Personal information
- Full name: Norman Sharp
- Born: 15 April 1901 Derby, Derbyshire, England
- Died: 14 July 1977 (aged 76) Sutton Coldfield, Warwickshire, England
- Batting: Right-handed

Domestic team information
- 1923: Warwickshire

Career statistics
| Competition | First-class |
| Matches | 1 |
| Runs scored | 3 |
| Batting average | 3.00 |
| 100s/50s | –/– |
| Top score | 3 |
| Balls bowled | – |
| Wickets | – |
| Bowling average | – |
| 5 wickets in innings | – |
| 10 wickets in match | – |
| Best bowling | – |
| Catches/stumpings | 1/– |
- Source: Cricinfo, 25 October 2015

= Norman Sharp (cricketer) =

English cricketer

Norman Sharp (15 April 1901 - 14 July 1977) was an English cricketer who made one appearance in first-class cricket in 1923. He played as a right-handed batsman.

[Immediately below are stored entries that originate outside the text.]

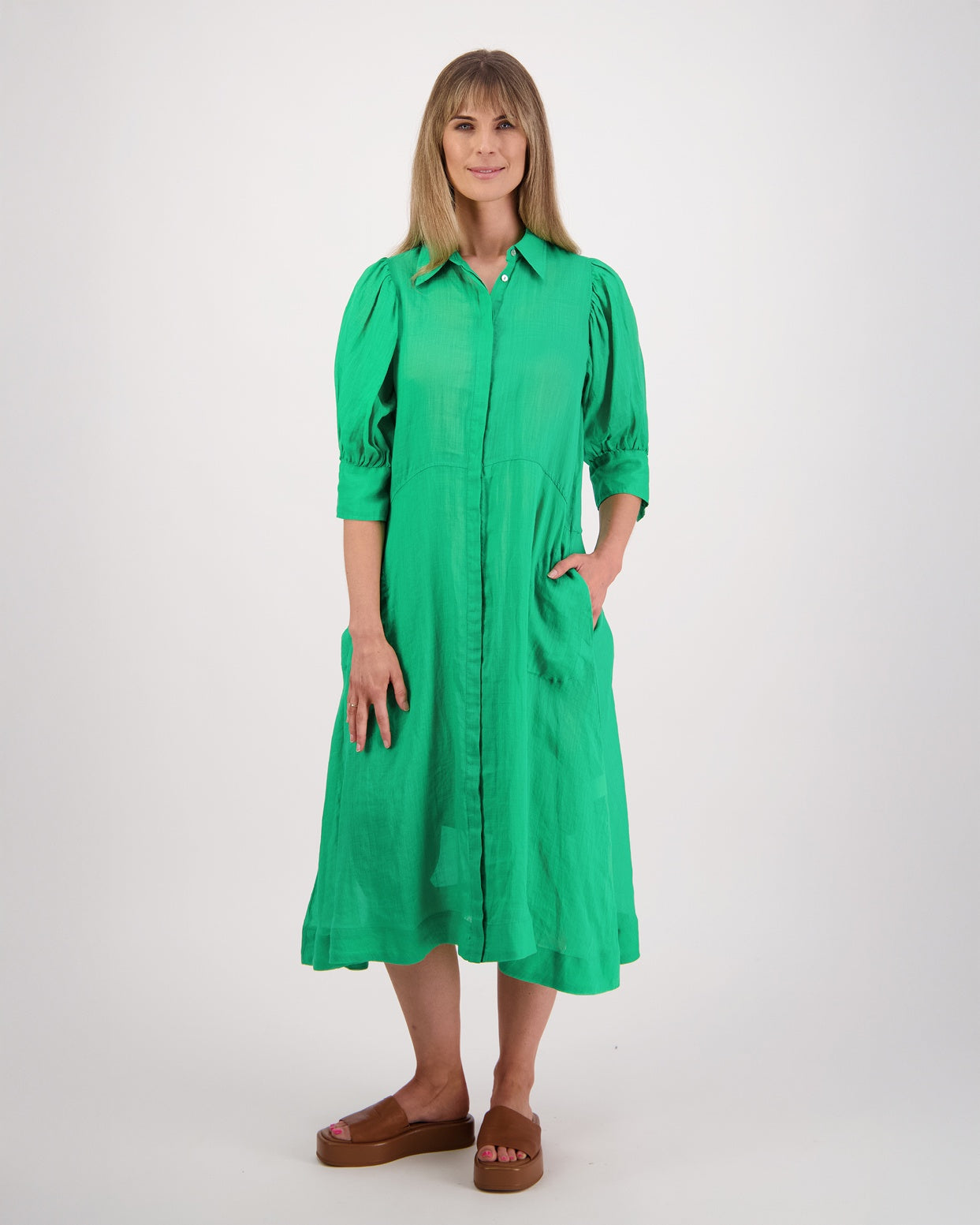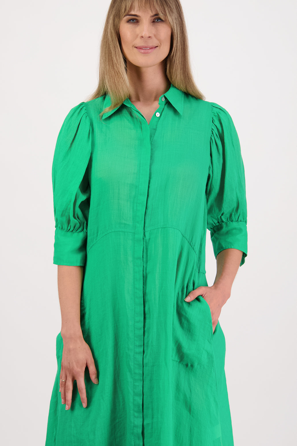 Meet Christine, your new best friend! She's a laid-back, midi-length shirt dress featuring pleated shoulder details. Crafted from luxurious Ramie fabric, Christine's versatility shines as an easy to layer trans-seasonal garment.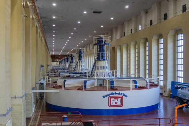 This is original powerhouse. It is originally fitted with 1 – 4,000 KW (thousand watt) generator and has been upgraded with two additional 54,000 KW and 8-60,000 KW generators. We went into one of the the power houses and viewed the exhibits that were on display. The second powerhouse holds 2 generators at 13,500 KW each plus 8 generators at 76,000 KW each. Total generation of the facility is 1,227,000 MW (million watts). By comparison, The Dalles (also on the Columbia) produces 2.1 million W, the John Day (also on the Columbia) produces 2.2 Million KW and the Grand Coulee, further up the Columbia has the potential of over 10 million KW. Currently the Columbia produces 20,732 MW.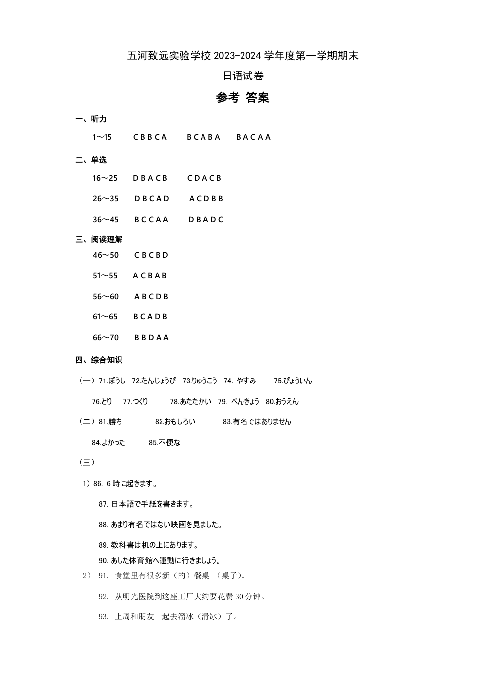 安徽省蚌埠市2023-2024学年高一上学期期末考试日语答案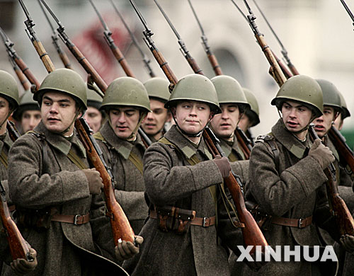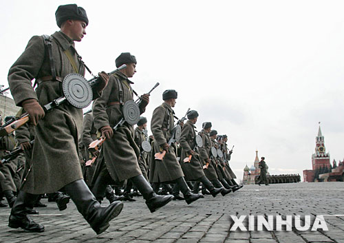 2006年11月7日,俄羅斯士兵在莫斯科紅場參加閱兵儀式,紀念1941年11月7日的紅場閱兵式舉行65周年。 新華社發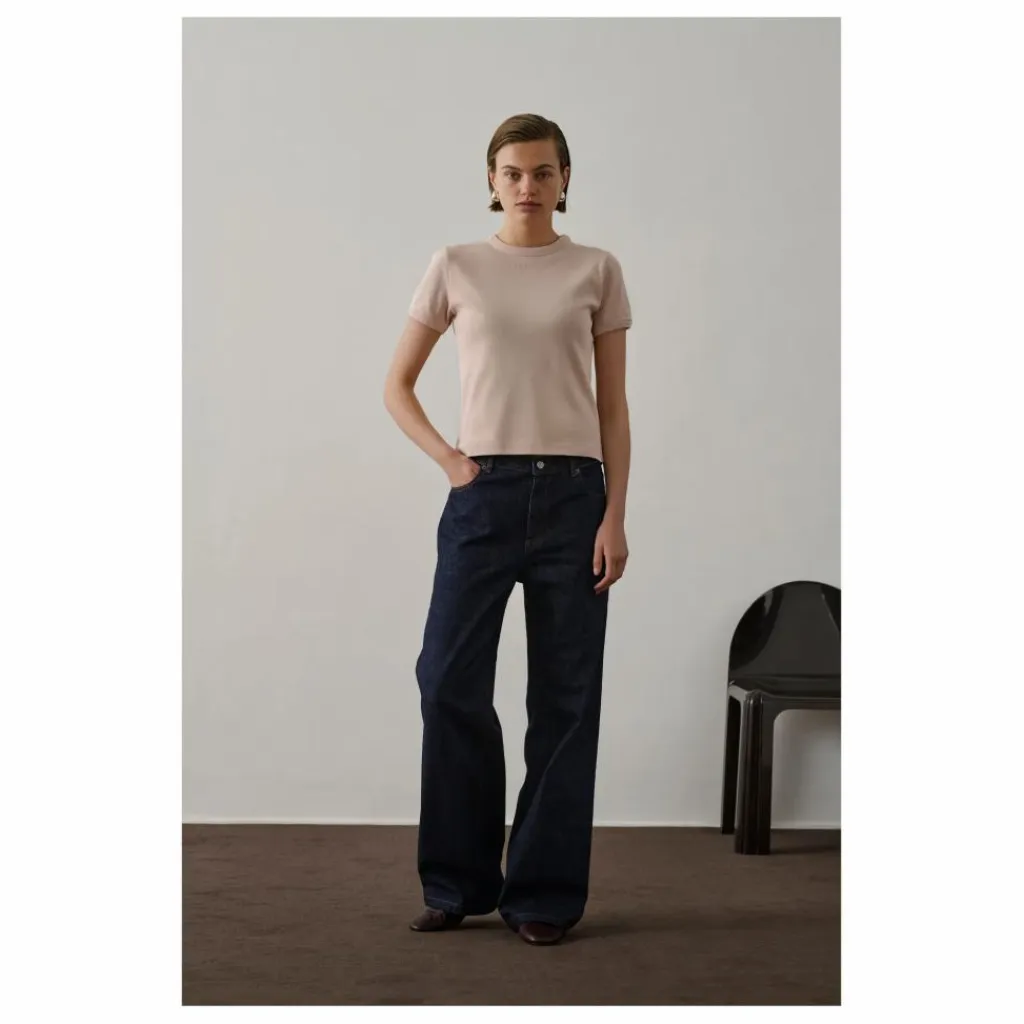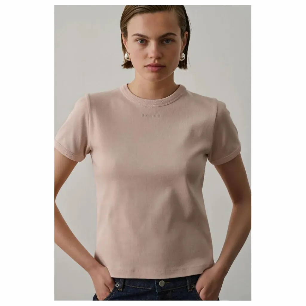 - T-shirt côtélé et brodé,Coupe étroite,Manches courtes,Col rond,logo sœur brodé sur la poitrine
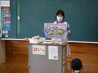 生活目標についての話では、年間を通して頑張ろうと決めている「浦城っ子七箇条」の一つである「自分の考えをはっきり言う」という目標について具体的な場面をあげながら話をしていただきました。相手とのコミュニケーションをうまくとるためにも、自分の考えをしっかり伝えられる子に育って欲しいです。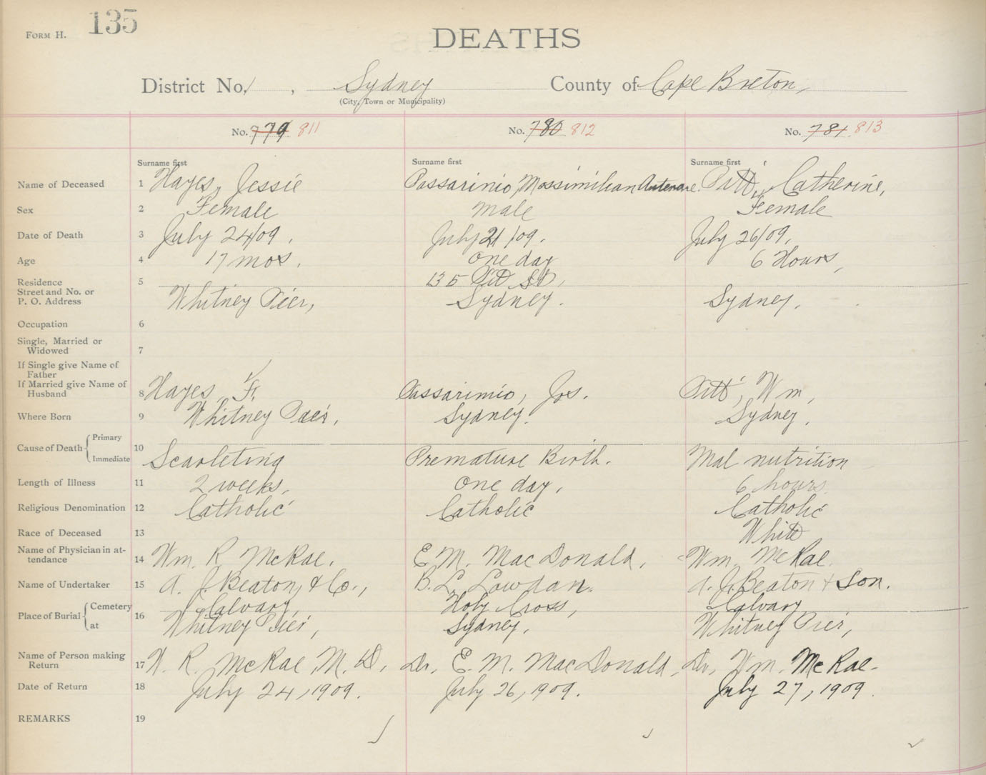 Death Registration: Year: 1909 book: 3 page: 135 number: 811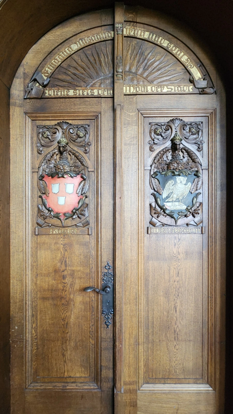 안내하시는 분은 (첫눈에도 내가 시의회홀을 찾아온 관광객처럼 보였는지) 아무런 말도 없이 나를 시청사 내의 시의회홀로 인도했다. 시의회홀로 들어가는 문인데, 벌써 문부터 예사롭지가 않다. 육중해 보이기도 하거니와, 나무조각이 예술이다.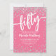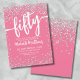 Introducing a sassy and stylish 50th birthday party invitation, perfect for celebrating this milestone with flair. The vibrant design features a bright pink background with silver glitter confetti, adding a touch of sparkle and festivity. At the top, "Fifty" is prominently displayed in bold calligraphy, setting the tone for an unforgettable celebration. The text combines script and simple modern fonts in all-white, creating a striking contrast against the hot pink backdrop. The glitter continues on the back, adding an extra touch of shine to the overall design. This invitation is ideal for celebrating 50 years old with a fun and chic vibe. Both the background and font colours can be customised to fit your style. Hot Pink Silver Glitter 50th Birthday Party Invitation Elegant Fun Script Fifty Years Old Please note the glitter is faux, with no foil or shimmer.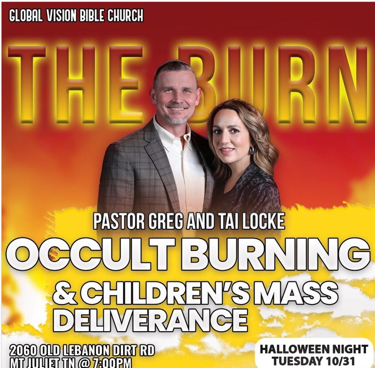Not only that, Pastor Locke and his wife Tai (who was his secretary until he divorced his other wife a few years ago, and is likely just as holy) will be hosting a very exciting bonfire of “occult objects.”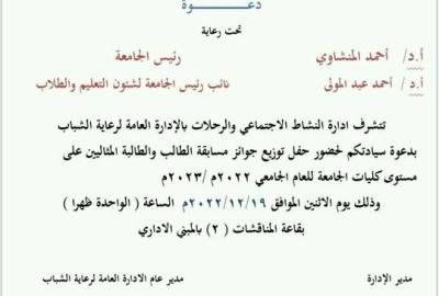 دعوة .. إدارة النشاط الإجتماعى والرحلات بالادارة العامة لرعاية الشباب .. تتشرف بدعوة سيادتكم لحضور حفل توزيع جوائز مسابقة الطالب والطالبة المثاليين على مستوى كليات الجامعة فى العام الجامعى 2022 / 2023م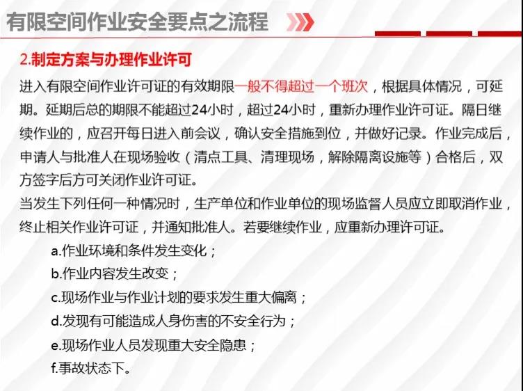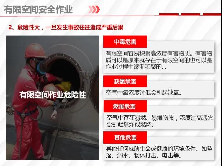 一要立即開(kāi)展有限空間安全風(fēng)險(xiǎn)排查。春節(jié)假期剛過(guò),各類(lèi)企業(yè)集中復(fù)工復(fù)產(chǎn),涉及有限空間作業(yè)安全的檢維修、調(diào)試行為增多,加之氣溫逐漸升高,造成有限空間中有毒有害氣體集聚,安全風(fēng)險(xiǎn)加劇。各地各有關(guān)部門(mén)要督促涉及有限空間作業(yè)的工礦商貿(mào)企業(yè)以及市政工程、垃圾發(fā)電、燃?xì)狻崃?、排水、衛(wèi)生、環(huán)保等重點(diǎn)單位、重點(diǎn)區(qū)域、重點(diǎn)場(chǎng)所開(kāi)展全方位的風(fēng)險(xiǎn)隱患排查。對(duì)發(fā)現(xiàn)的風(fēng)險(xiǎn)隱患,企業(yè)要逐一登記造冊(cè),向負(fù)有安全監(jiān)管職責(zé)的部門(mén)報(bào)告,并按照《有限空間作業(yè)安全指導(dǎo)手冊(cè)》(應(yīng)急廳函〔2020〕299號(hào))要求落實(shí)各項(xiàng)防范措施。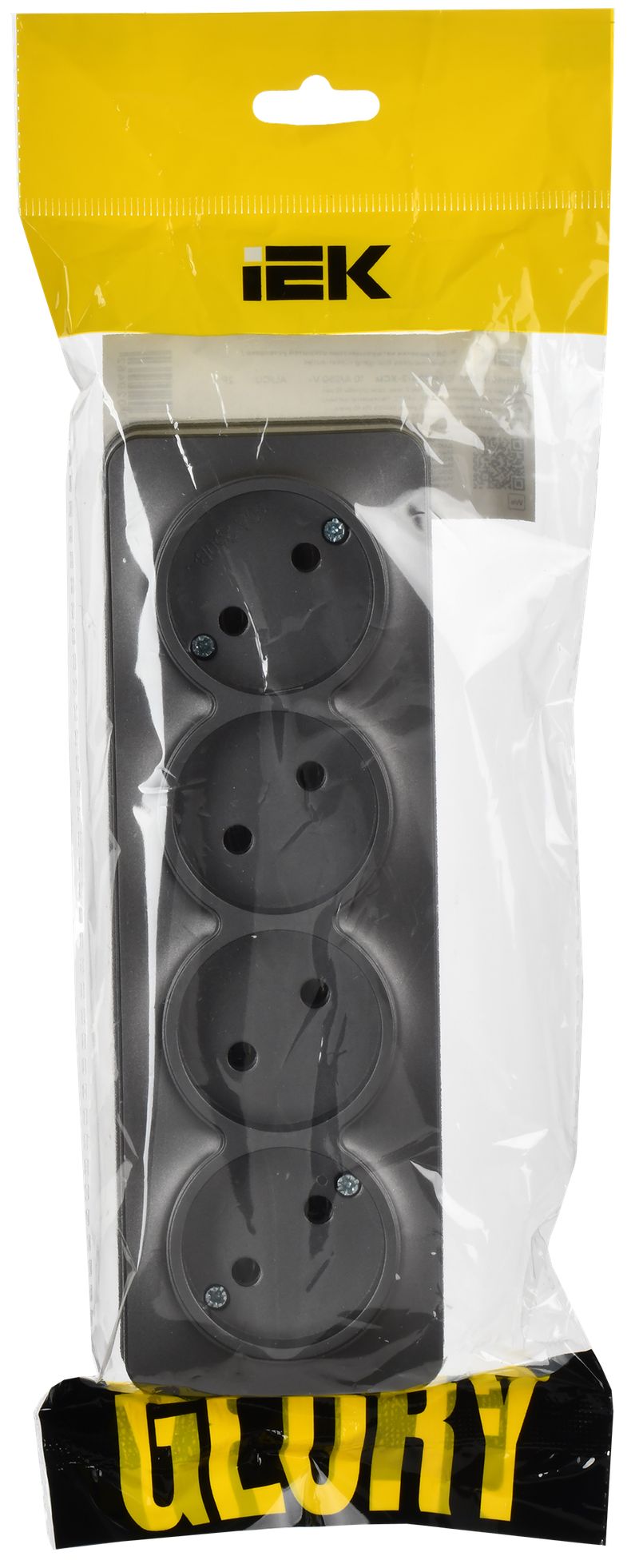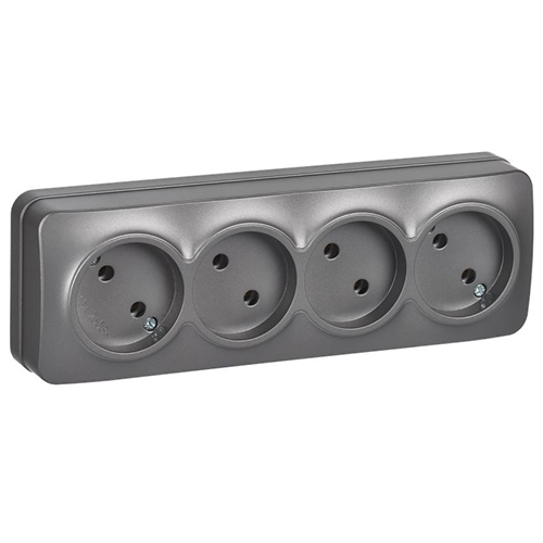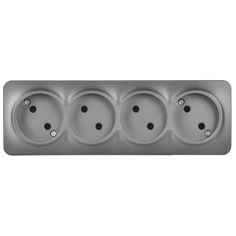 Розетка четырехместная IEK РС24-2-ХСм Glory (10 А, IP20) открытой установки, сталь матовый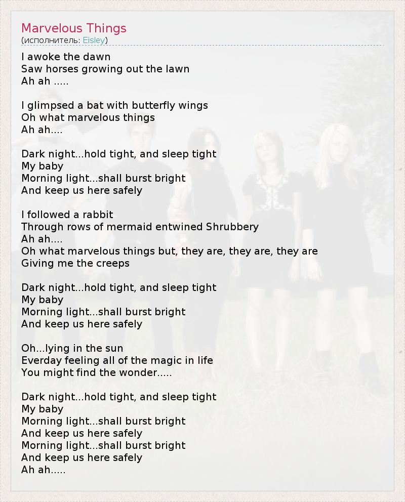 А как ты думаешь, о чем песня "Marvelous Things" ?
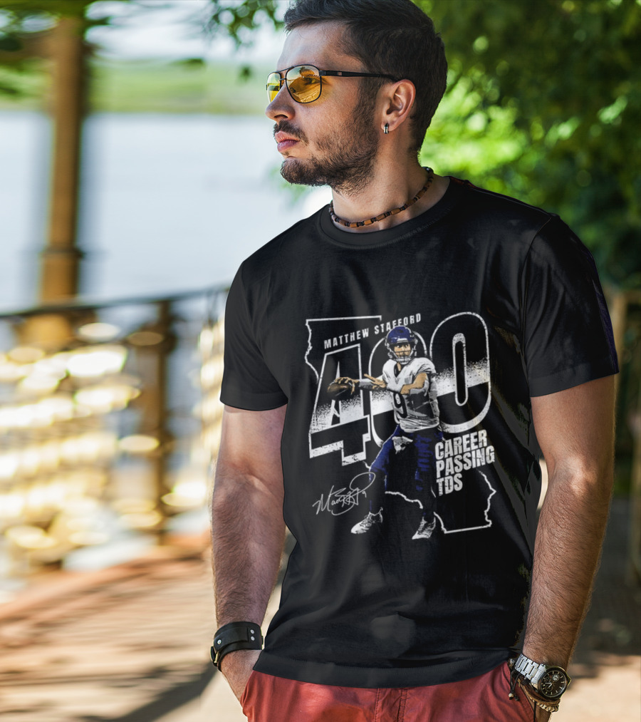 Images Gallery — Los Angeles Rams Matthew Stafford 400 Club Career Passing TDS Signature Shirt Mockups Collection

Sharp made his only appearance in first-class cricket when he was selected to play for Warwickshire against Worcestershire in the County Championship at Edgbaston. He batted just once in the match, which Warwickshire won by 7 wickets, scoring 3 runs from the lower-order, before being dismissed bowled by Leslie Gale.

He died at Sutton Coldfield, Warwickshire on 14 July 1977.